When the baby finally arrived, Roger softened somewhat, and spent time with the baby whilst Helena tied up loose ends at work and took her own maternity leave.  The time for Roger to return to work was approaching.  In the meantime he had created a network of men, all of whom were ready and willing to fight for the reversal of the accursed bill that had destroyed their comfortable complacent lives.  Economists, doctors, clerics alike waited for the chance to get their beloved old society back.  They made videos, artwork, books, poetry decrying the new revolution and demanding a return to ‘nature.’  Men should spread the seed, and women should take the financial and personal consequences.  This was only right. Roger would look down at the son in his arms and quietly promise that he too would grow up to sleep around indiscriminately and sit interminably in a job whilst overqualified women acted as secretary.  It was only right, after all.

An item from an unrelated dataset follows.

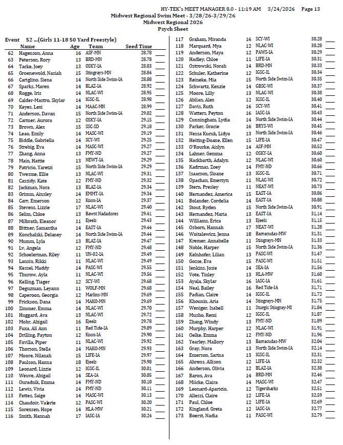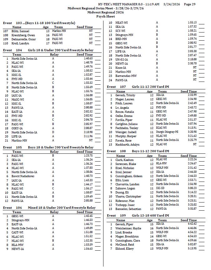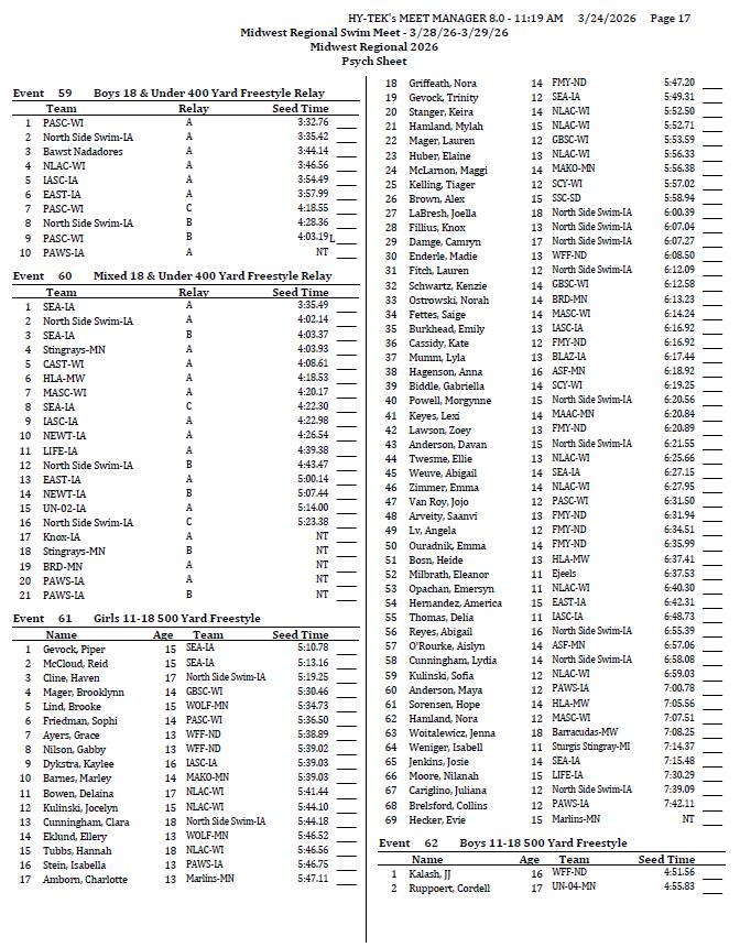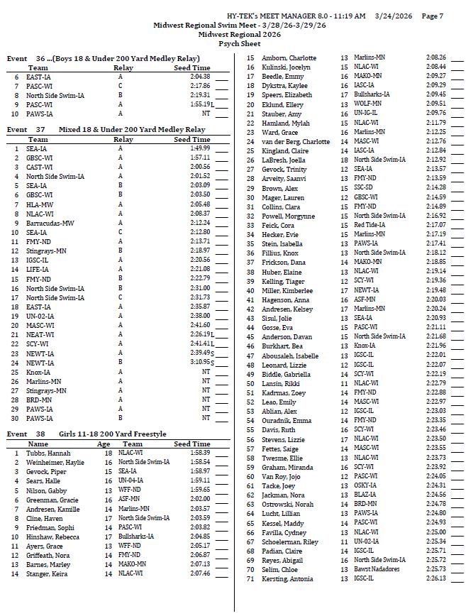 2026 Midwest Regional Swim Meet TEAMS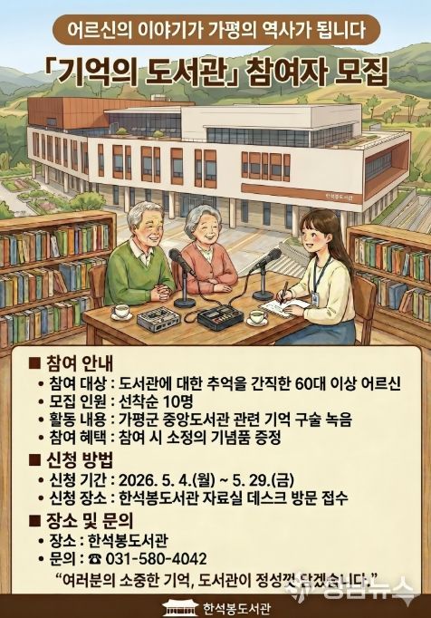 가평군 한석봉도서관이 오는 5월부터 어르신들의 생생한 목소리로 지역의 옛 기록을 수집하는 ‘기억의 도서관’ 프로그램을 운영한다. 실버층 특화 사업인 ‘말랑말랑 추억 교실’의 일환으로 추진되는 이번 사업은 지역 문화 자산을 확보하고 세대 간 기억을 공유하고자 기획됐다.

Eventually, Roger’s revolutionaries decided that the best way of seizing what was theirs was to create a religious militarist movement, in emulation of America.  Women were in no hurry for mandatory equality when it came to being shot whilst they had a baby at home, and religion was considered a good line to take as it was more flexible and confusing than mere politics.  If they could all work together, via the media, religion and the military, it would not be long before they could persuade women too, that things had been better and more stable before.  What they really needed, they decided, was a religious war.  The Muslims were selected as appropriate enemies.  A perfect storm – appear to fight Muslims on the grounds of their women being second class, in order to make women everywhere return to traditional paternalist values putting them in exactly the same position they had been in before the Mandatory Equality Law was passed.

They created their media storm, making full use of the data Roger had carefully collected during his paternity leave, and achieved a full twenty percent shift in attitudes to return to paternalism, despite the benefits to the majority of the population of a less stable male workforce.  People decried the difficulties of finding a plumber.  People complained that they were being forced to name the father of their children, even if they did not want to see them again.  The Unit itself was said not to work.  Muslims were, of course, slated at every opportunity to foster support for the impending religious war. The stage was set for Roger to return his world to one in which he need have no fear.  His sex drive improved enormously.  The right wing political parties, who were, as everyone knew, infested with defence manufacturers, were delighted with the plan and campaigned as hard as they could.

And so, when the election came, it was decided, despite the period of equality, that nobody wanted it.  Men and women alike voted against it, for a government who lined their pockets by producing weapons and involving the country in bombing Muslims.  When the Muslims fought back, they simply used it as an opportunity to remove liberty, to spy on the population, and to reduce people’s freedom to the point that they were frightened to leave the house. Roger moved out.  Helena moved away, and went to court to remove his visitation rights.  Roger won.  Helena gave up work.